Fix your wiring guy! I vote all the same speaker route.


----------



## John 2031 (Mar 2, 2015)

I have 6 Ultra BSs, FL,FR, SSs, RSs, with the Ultra center in my tiny HT area... you can guess how I'd vote. I have 2 Prime Elevations for the front height speakers that I need to install to replace some old Polks.


----------



## jordan56 (Jan 19, 2020)

John 2031 said:


> I have 6 Ultra BSs, FL,FR, SSs, RSs, with the Ultra center in my tiny HT area... you can guess how I'd vote. I have 2 Prime Elevations for the front height speakers that I need to install to replace some old Polks.

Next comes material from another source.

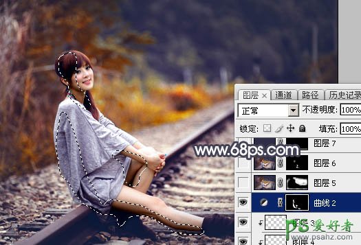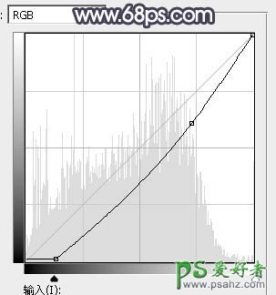 15、创建曲线调整图层,把全图压暗一点,参数设置如图32,确定后把蒙版填充黑色,然后用透明度较低柔边白色画笔把人物背光区域擦出来,效果如图33。
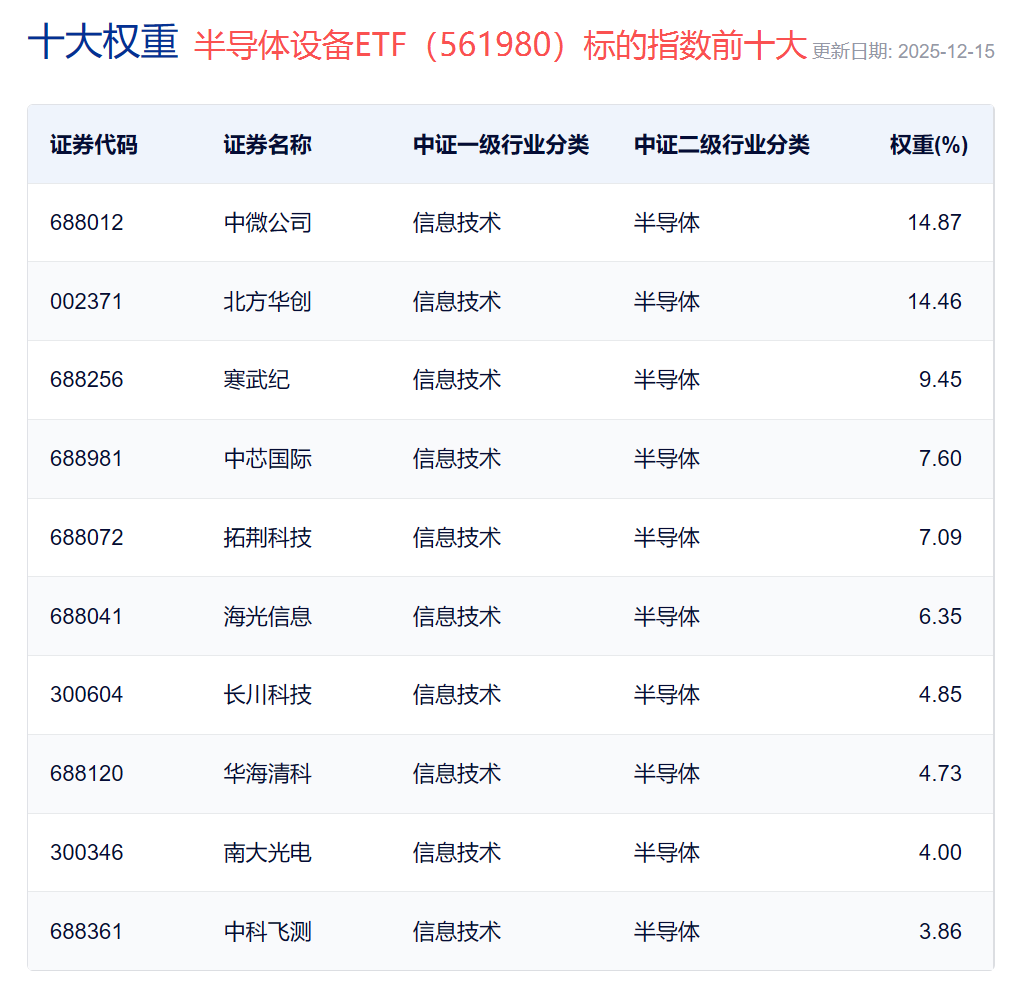 中证指数官网数据显示,半导体设备ETF(561980)跟踪中证半导,标的指数聚焦设备、材料、设计等上游国产替代关键环节,三大行业占比超九成,其中半导体设备含量近六成,覆盖中微公司、北方华创、寒武纪、中芯国际、海光信息等多家龙头公司,或可作为集中布局设备领域的理想工具。

I went with the Ultra Bookshelfs Ill post some pics tomorrow. I love them would have got them as side surround to but after having a klipsch bookshelf and tower there I was actually relived for something less quiet lol. But no the system just sings now! Also ended up ordering an SB-4000 I felt some midbass was missing from not getting the towers so wanted to try sealed, plus I thought it would look better and I love it! Cant wait to get a 2nd one or a 16Ultra if in outlet for duals!.Thanks again guys Ill post some new pics sson.


----------



## jordan56 (Jan 19, 2020)

Oh and I actually will be spending probably next weekend on the wiring anyone have any reccomendations for the ceiling wire? I do have those wire runners for the floor.


----------



## BP1Fanatic (Mar 28, 2011)

I got these stick on wire runners from Home Depot. I should have bought a bigger diameter for 12 gauge wire. It's a tight fit with 1/2" piping.


----------



## BP1Fanatic (Mar 28, 2011)

I cleaned up the floor wiring.


----------